The first session was a plenary panel that was part of the IEEE Cloud 2021 conference.

EXPLORING THE GROWING SYNERGY BETWEEN CLOUD AND HIGH-PERFORMANCE COMPUTING

Panelists:
Katherine Yelick, UC Berkeley and Lawrence Berkeley National Laboratory
Ian Foster, Argonne National Laboratory, University of Chicago
Geoffrey Fox, University of Virginia
Kate Keahey, Argonne National Laboratory, University of Chicago

This group of panelists have been involved in every aspect of HPC and HPC in the cloud.

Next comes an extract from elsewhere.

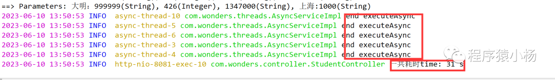 //1、自定义asyncServiceExecutor线程池@Override@Async("asyncServiceExecutor")public void executeAsync(List<Student> students,StudentService studentService,CountDownLatch countDownLatch) {try{log.info("start executeAsync");//异步线程要做的事情studentService.saveBatch(students);log.info("end executeAsync");}finally {countDownLatch.countDown();// 很关键, 无论上面程序是否异常必须执行countDown,否则await无法释放}}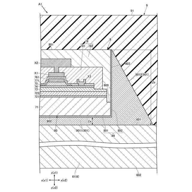 【解決手段】 半導体装置A1は、アイランドリード6と、搭載された半導体素子8と、接合材901と、封止樹脂9とを備える。アイランドリード6は、第1方向zの第1側z1を向く主面601を有する。半導体素子8は、支持層71、複数の機能層73,74,75および絶縁層78を含む素子本体80と金属層89と、を有する。素子本体80は、素子主面801、素子裏面802および1以上の素子側面803を有する。素子側面803は、支持層71および絶縁層78によって構成された部分を含む。金属層89は、底部891と、1以上の側部892と、を含む。接合材901は、底部891および主面601の間に介在する第1部9011と、側部892および主面601の間に介在する第2部9012と、を含む。

Kathy Yelick has tons of experience ranging from managing a HPC center to designing Programming Languages for parallel computing and, now, being  a partner in running a major NSF program CloudBank to help with cloud access. Ian Foster was a pioneer who conceived of the Grid, a network of supercomputer services which, in many ways foreshadowed the Cloud concept and he continues to lead research in HPC and the cloud.  Geoffrey Fox has been in the HPC business from the early days of MPI and he is now doing groundbreaking work using cloud native middleware with MPI to design new deep learning paradigms for science.   Kate Keahey is a leader in high performance distributed computing, and she designed one of the first open-source Cloud platforms and now runs a major cloud devoted to academic research for NSF.

The link to the panel discussion is SERVICES Plenary Panel 1: Cloud HPC – Exploring Growing Synergy btw Cloud & HPC – YouTube.

The overriding theme of the discussion involved an exploration of how cloud HCP is, and will be, different from traditional supercomputer based HPC and where the opportunities for exploiting the strengths of both can advance research and science.

Ian started the discussion by making the case that there were some fundamental differences between the cloud and traditional HPC systems.   Most significant of these was that the cloud made it possible to deliver and ecosystem of on-demand services.  Among these services are tools to interactively explore large data collections and services that enable users to easily build machine learning solutions for difficult data analysis problems. HPC on the other hand is about providing the most powerful computing platform for very large scientific applications.  Kathy also observed that what cloud lacked in high end power, the cloud excel in resilience. This resilience is critical for teaching such as when student assignment require just-in-time access to resources. Kate made the addition point that there are classes of HPC problems where having the interactivity clouds provide can be very important for exploring new areas where existing HPC application codes are not yet available.  Geoffrey made the point that access to HPC systems capable of doing some of the most advanced Neural Net training experiments is out of reach of must academics. That leaves clouds, but a national funding model for research is clearly needed. Kathy made the point that the new NSF CloudBank provides a way for university to access commercial cloud platform with NSF and other funding. Foster argues that the future challenge is to figure out how to combine the capabilities of both supercomputer centers and clouds for the next generation of scientific endeavors. The panel also addressed a number of important issues including economics, advances in technology and scalability.  It was an extremely lively and interesting discussion.  Check it out.  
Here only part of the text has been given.